Difatti, la conversione e la grazia di Dio che ci precede si comunicano e si attivano nell’amore. Quando amiamo e rispondiamo al male con il bene, il male non viene respinto con violenza, espandendosi, ma assunto e caricato su colui che non si oppone con rabbia, fungendo cosí da spugna che assorbe senza restituire. Noi cristiani ci chiamiamo così perché seguiamo Gesù e lui stesso ci ricorda che dobbiamo portare la sua croce, come egli ha fatto.
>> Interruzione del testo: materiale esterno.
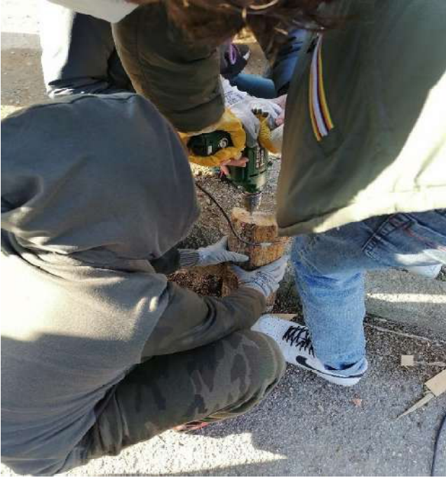
Foratura dei ciocchi di legno
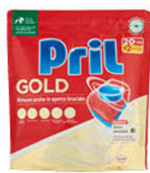
PRIL GOLD 20+2 TABS

Cooperando insieme a Lui, diventiamo una cosa sola con Lui, il Cristo totale che non risponde al male con il male, ma con il bene, cancellando dal mondo questo male/peccato (e non colui che ha fatto questo male). In questo modo tutti noi, insieme a Cristo, come la vite con i tralci, ci trasformiamo in una grande foresta, per usare un’altra metafora, che assorbe anidride carbonica e produce ossigeno, togliendo il peccato e trasformandolo in amore.

Conclusione

Questo è possibile solo grazie a Dio, entrando nella sua logica di amore incondizionato. In questa maniera, mettiamo da parte l’idea di un Gesù che si immola per noi e magicamente ci libera dal peccato; cambiamo prospettiva. Perché non pensare a noi stessi insieme a lui, chiamati a collaborare in questa dinamica di purificazione e trasformazione, difficile, dura da far propria, ma che, forse, è l’unica che permette di togliere il peccato del mondo?

Is 49,3.5-6: Ti renderò luce delle nazioni, perché porti la mia salvezza.

Sal 39: R/. Ecco, Signore, io vengo per fare la tua volontà.

1 Cor 1,1-3: Grazia a voi e pace da Dio Padre nostro e dal Signore Gesù Cristo.

Jn 1,29-34: Ecco l’agnello di Dio, colui che toglie il peccato del mondo!